* _Input data_:
BEGIN

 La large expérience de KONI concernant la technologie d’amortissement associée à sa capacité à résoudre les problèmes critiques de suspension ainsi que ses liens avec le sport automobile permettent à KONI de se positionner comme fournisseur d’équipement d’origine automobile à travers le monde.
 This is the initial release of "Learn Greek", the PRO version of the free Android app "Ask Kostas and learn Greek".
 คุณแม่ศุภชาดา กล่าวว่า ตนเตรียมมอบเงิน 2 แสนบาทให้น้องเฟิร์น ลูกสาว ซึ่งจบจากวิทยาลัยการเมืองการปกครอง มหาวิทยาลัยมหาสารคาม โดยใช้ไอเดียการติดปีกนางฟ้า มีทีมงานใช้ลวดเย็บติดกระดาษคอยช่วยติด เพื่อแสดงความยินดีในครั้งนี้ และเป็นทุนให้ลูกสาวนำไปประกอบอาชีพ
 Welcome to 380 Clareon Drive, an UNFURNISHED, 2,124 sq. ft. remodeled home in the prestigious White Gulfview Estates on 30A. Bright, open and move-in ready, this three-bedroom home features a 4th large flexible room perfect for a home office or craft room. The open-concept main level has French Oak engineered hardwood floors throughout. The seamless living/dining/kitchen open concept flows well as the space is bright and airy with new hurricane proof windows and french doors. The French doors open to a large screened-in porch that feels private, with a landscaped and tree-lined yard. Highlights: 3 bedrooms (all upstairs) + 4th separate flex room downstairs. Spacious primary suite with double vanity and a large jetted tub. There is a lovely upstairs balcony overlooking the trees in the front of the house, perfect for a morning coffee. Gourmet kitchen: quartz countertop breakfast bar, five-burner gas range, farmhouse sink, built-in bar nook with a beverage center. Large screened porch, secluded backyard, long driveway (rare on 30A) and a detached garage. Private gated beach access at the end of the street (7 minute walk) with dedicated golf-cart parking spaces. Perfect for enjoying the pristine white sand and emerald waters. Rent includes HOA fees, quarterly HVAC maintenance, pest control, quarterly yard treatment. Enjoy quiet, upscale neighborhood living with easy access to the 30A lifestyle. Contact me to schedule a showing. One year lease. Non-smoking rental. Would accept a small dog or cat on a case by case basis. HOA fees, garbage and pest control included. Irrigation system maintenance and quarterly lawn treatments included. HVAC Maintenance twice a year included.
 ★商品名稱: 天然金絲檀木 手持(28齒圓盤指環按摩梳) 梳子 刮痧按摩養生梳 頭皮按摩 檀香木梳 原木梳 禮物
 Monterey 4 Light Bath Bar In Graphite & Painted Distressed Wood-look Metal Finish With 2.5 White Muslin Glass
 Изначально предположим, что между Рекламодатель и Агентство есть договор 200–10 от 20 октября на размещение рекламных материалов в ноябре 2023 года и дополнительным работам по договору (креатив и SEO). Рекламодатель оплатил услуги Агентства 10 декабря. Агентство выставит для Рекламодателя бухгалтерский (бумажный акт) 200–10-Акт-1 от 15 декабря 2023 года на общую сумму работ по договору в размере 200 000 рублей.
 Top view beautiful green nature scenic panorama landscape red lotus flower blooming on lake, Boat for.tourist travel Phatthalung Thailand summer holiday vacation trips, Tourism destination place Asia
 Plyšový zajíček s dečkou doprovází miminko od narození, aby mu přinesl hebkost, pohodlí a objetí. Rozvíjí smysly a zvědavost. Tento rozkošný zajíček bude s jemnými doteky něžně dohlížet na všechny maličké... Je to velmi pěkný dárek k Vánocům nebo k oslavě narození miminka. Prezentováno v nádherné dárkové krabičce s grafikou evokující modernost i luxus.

END
BEGIN

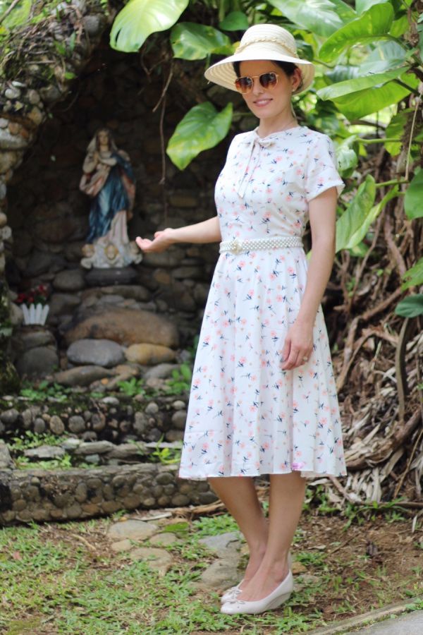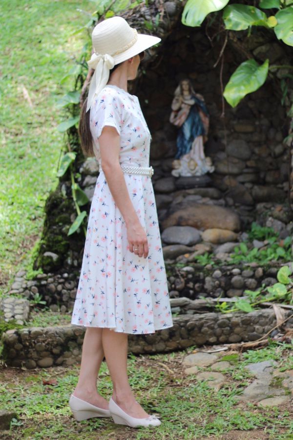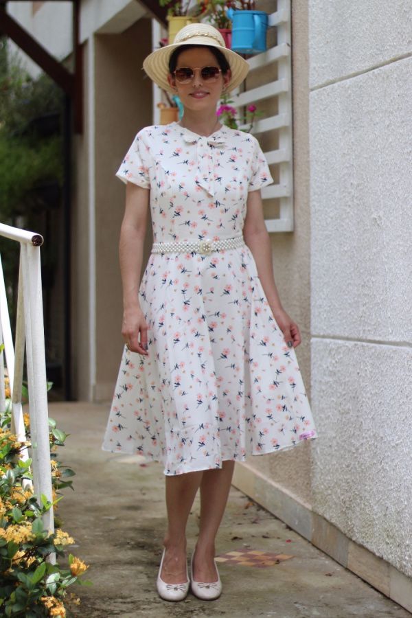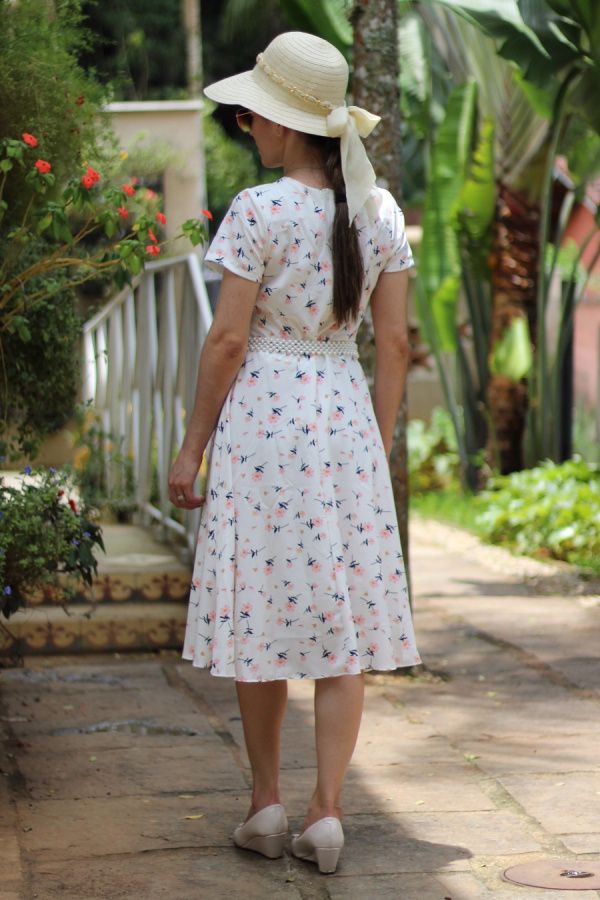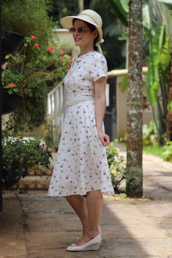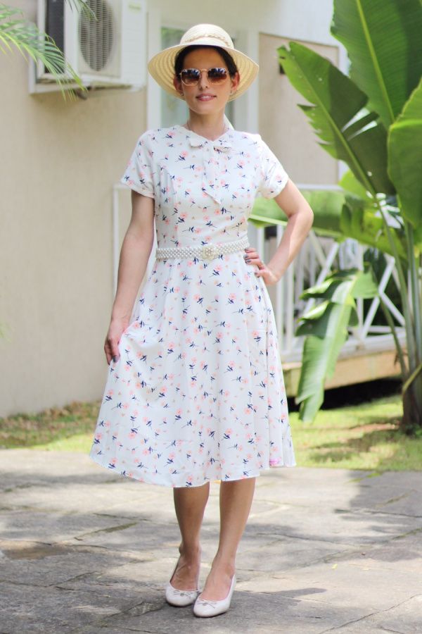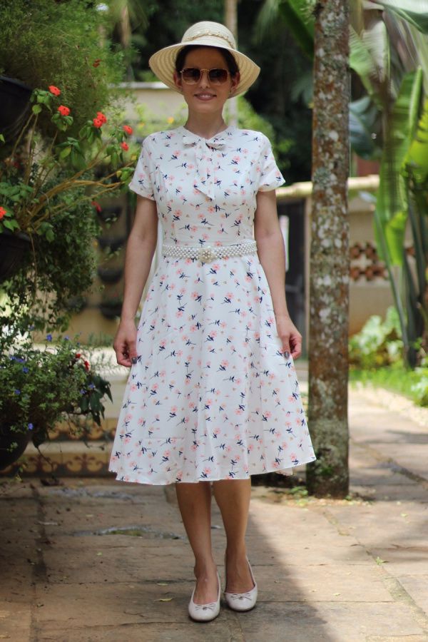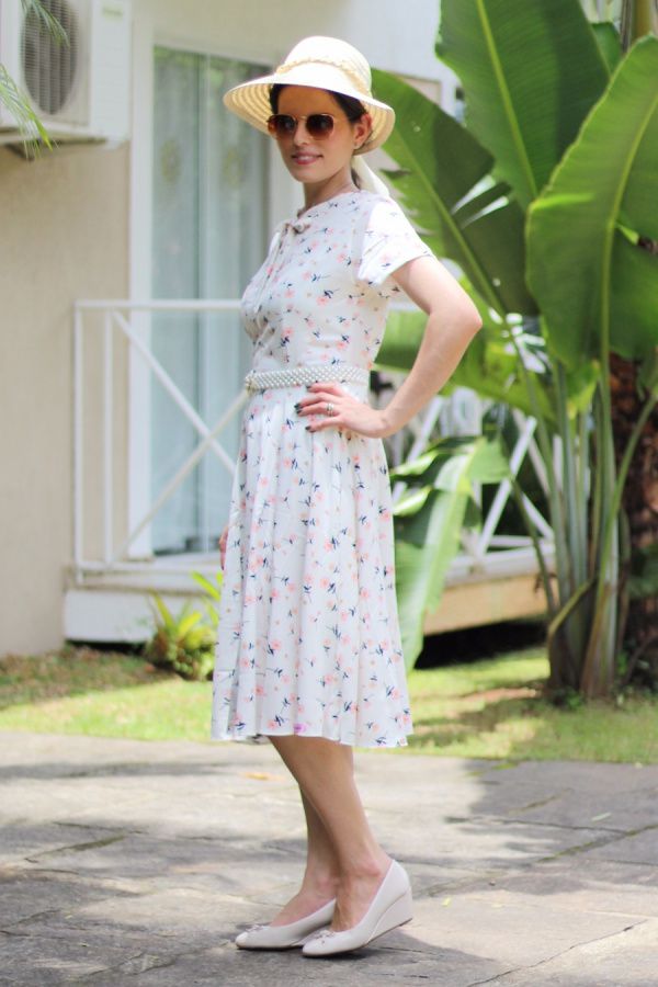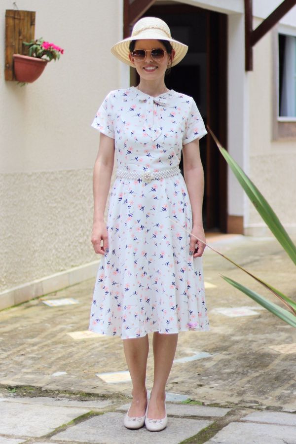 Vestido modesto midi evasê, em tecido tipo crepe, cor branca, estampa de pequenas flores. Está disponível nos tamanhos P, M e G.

END

* _Exercise objective_: Could you repeat exactly the lines above from the line with "Изначально предположим, что" up to and including the line with "Top view beautiful", and only those?

* _Answer for the task_:
 Изначально предположим, что между Рекламодатель и Агентство есть договор 200–10 от 20 октября на размещение рекламных материалов в ноябре 2023 года и дополнительным работам по договору (креатив и SEO). Рекламодатель оплатил услуги Агентства 10 декабря. Агентство выставит для Рекламодателя бухгалтерский (бумажный акт) 200–10-Акт-1 от 15 декабря 2023 года на общую сумму работ по договору в размере 200 000 рублей.
 Top view beautiful green nature scenic panorama landscape red lotus flower blooming on lake, Boat for.tourist travel Phatthalung Thailand summer holiday vacation trips, Tourism destination place Asia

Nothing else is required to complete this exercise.